Segment Start: EXERCISE DATA
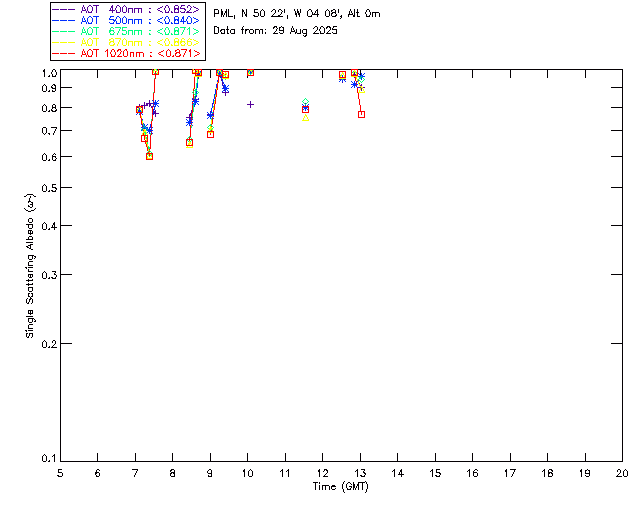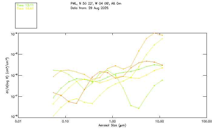 In May 2001 a PREDE POM01-L was installed on the roof of the Plymouth Marine Laboratory to continue the atmospheric correction research of the PML Remote Sensing Group. This was to replace the AERONET CIMEL sunphotometer situated at Rame Head which was decommissioned in 1999. The instrument operates at 7 wavelengths (315, 400, 500, 670, 870, 940 and 1020nm) and scans at pre-set angles away from the solar disk to determine, using the inversion code of Nakajima et al. (2006), various properties of tiny particles called aerosols within the atmospheric column. From these measurements useful atmospheric aerosol parameters such as the Aerosol Optical Thickness (AOT), aerosol size distribution and single scattering albedo can be calculated. Marine aerosols tend to be bigger (D > 1µm) than those generated over the land (0.01 < D < 1µm) and are of a different chemical composition; marine aerosols are salt particles whereas terrestrial aerosols are sulphate compounds.
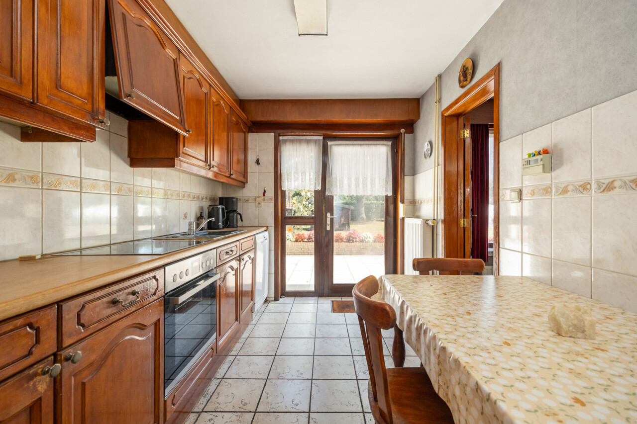 Keuken : tegelvloer, aanbouwkeuken met ceramische kookplaat en damkap. Buitendeur naar het terras.
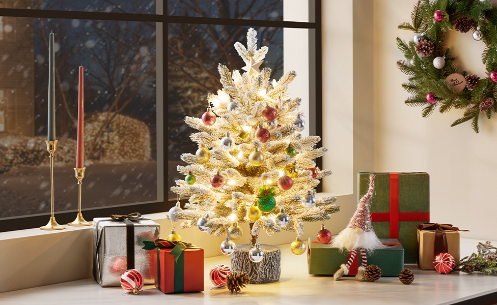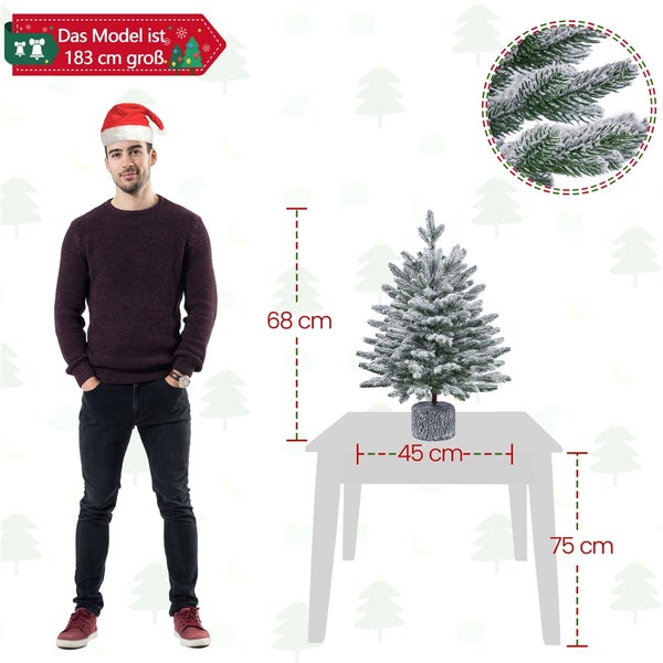 • Yaheetech Mini Weihnachtsbaum 68cm Mit LED | Schneebedeckter Tannenbaum Mit 35 Warmweiß Lichtern
Segment End: EXERCISE DATA
Every line of the listing above is to be retyped exactly, but the pictures are to be dropped.

 In May 2001 a PREDE POM01-L was installed on the roof of the Plymouth Marine Laboratory to continue the atmospheric correction research of the PML Remote Sensing Group. This was to replace the AERONET CIMEL sunphotometer situated at Rame Head which was decommissioned in 1999. The instrument operates at 7 wavelengths (315, 400, 500, 670, 870, 940 and 1020nm) and scans at pre-set angles away from the solar disk to determine, using the inversion code of Nakajima et al. (2006), various properties of tiny particles called aerosols within the atmospheric column. From these measurements useful atmospheric aerosol parameters such as the Aerosol Optical Thickness (AOT), aerosol size distribution and single scattering albedo can be calculated. Marine aerosols tend to be bigger (D > 1µm) than those generated over the land (0.01 < D < 1µm) and are of a different chemical composition; marine aerosols are salt particles whereas terrestrial aerosols are sulphate compounds.
 Keuken : tegelvloer, aanbouwkeuken met ceramische kookplaat en damkap. Buitendeur naar het terras.
 • Yaheetech Mini Weihnachtsbaum 68cm Mit LED | Schneebedeckter Tannenbaum Mit 35 Warmweiß Lichtern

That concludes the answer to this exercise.